A large amount of low-grade heat sources such as industrial waste heat, solar energy, geothermal energy and the like can be developed and utilized globally. The total industrial afterheat resource of China accounts for 17% -67% of the total fuel consumption, wherein the recyclable part accounts for about 60% of the total afterheat. However, the development and utilization of low-grade heat sources, particularly those at a temperature of less than 100 ℃, are not sufficient at present, and an economical and efficient low-grade heat source utilization technology is mainly lacked.

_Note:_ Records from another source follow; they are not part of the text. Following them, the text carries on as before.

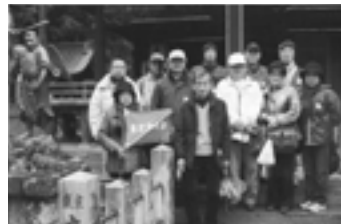
平成21年11月22日 秋のレクリエーション(東京・高尾山)

（意味は「人は皆いい人ばかり、それを信じて勇気をもって事を成せば必ず良いことがある。いい付き合いをしなければいけないです。」）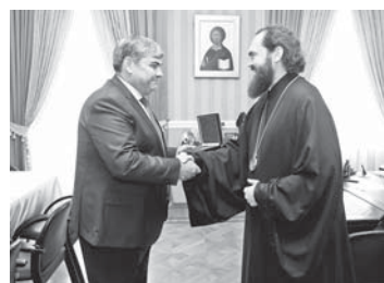
Пресс-служба Главы и Правительства КБР.

Вручая государственную награду Кабардино-Балкарской Республики, Казбек Коков отметил огромное внимание, которое руководителю Пятигорской епархии неизменно уделяет Кабардино-Балкарии. Глава республики акцентировал, что за десятилетний период служения Пятигорской епархии внесла большой вклад в укрепление межконфессионального согласия в республике, а служители Русской Православной Церкви в Кабардино-Балкарии постоянно участвуют в мероприятиях, направленных на формирование здорового образа жизни среди населения, оказывая помощь нуждающимся независимо от вероисповедания или национальной принадлежности.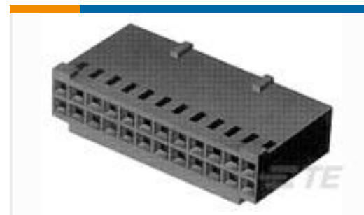
TE 产品编号87977-4 12 MODIV HSG DR MRKD .100 POL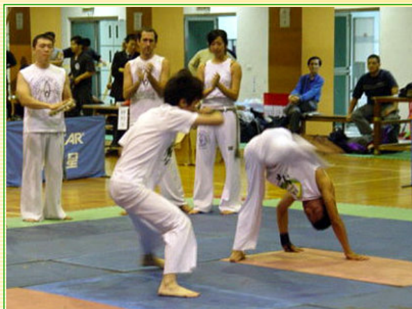
開幕表演-卡波耶拉

緊接著是精采的開幕表演，首先由中華運動柔術籌備委員會帶來結合運動與防身的運動柔術表演，接著是台灣菲律賓魔杖協會帶來在台灣難得一見的魔杖表演。刀杖互擊所發出金石之鳴，讓觀眾嘖嘖稱奇。還有陽明熱舞社帶來的熱舞表演，為比賽注入青春活力。最後的表演是「Capoarte」帶來的巴西傳統飛旋鬥舞-卡波耶拉，同樣也是奇特的武術，他們的動作混合了武術、競賽和舞蹈，並且現場打擊樂器與合聲歌唱，將現場渲染一股愉悅的氣氛，而第三屆陽明盃的激烈比賽也即將開打。

When a hydrophobic porous membrane is placed between two solutions with different temperatures, the temperature difference between the liquids on the two sides of the membrane can generate a transmembrane vapor pressure difference, and the vapor pressure difference can drive the vapor phase transmission of various components between the two liquids. The membrane distillation technology based on the heat penetration principle can utilize a low-grade heat source to separate the water solution containing the non-volatile solute, and has great application prospects in seawater desalination, ultrapure water preparation, wastewater treatment and azeotropic mixture separation. However, since the liquid-gas phase change process consumes a large amount of energy, the existing membrane distillation seawater desalination technology has the defects of high energy consumption, low energy utilization efficiency and the like, and the system integration, process and application expansion of the existing technology are needed to improve the energy efficiency of the whole seawater desalination process.

Disclosure of Invention

The invention aims to overcome the defects of the prior art and provide a power generation and seawater desalination system based on the heat penetration principle, and the system realizes water and electricity cogeneration by combining a heat penetration separation technology and a heat penetration energy conversion technology and utilizing low-grade heat sources such as solar energy, waste heat, geothermal heat and the like, thereby improving the energy efficiency of the whole seawater desalination process.

In order to achieve the purpose, the invention adopts the following technical scheme:

a power generation and seawater desalination system based on the heat penetration principle comprises,

a heating device capable of heating seawater by using a low-grade heat source;

a hydrophobic porous membrane-based thermoosmosis desalination module comprising a fresh water side, a seawater side, and a hydrophobic porous membrane positioned between the fresh water side and the seawater side;

the hydroelectric generation device is used for generating electricity by utilizing the mechanical energy of the introduced water flow;

the seawater side is communicated with the heating device and is used for heated seawater to pass through;

the fresh water side can be filled with fresh water and is communicated with the water inlet end of the hydroelectric generation device;

and a working valve for opening and closing the passage is further arranged on the passage between the fresh water side and the hydroelectric generation device, and the opening condition of the working valve is that the water pressure in the fresh water side reaches the specified power generation working water pressure.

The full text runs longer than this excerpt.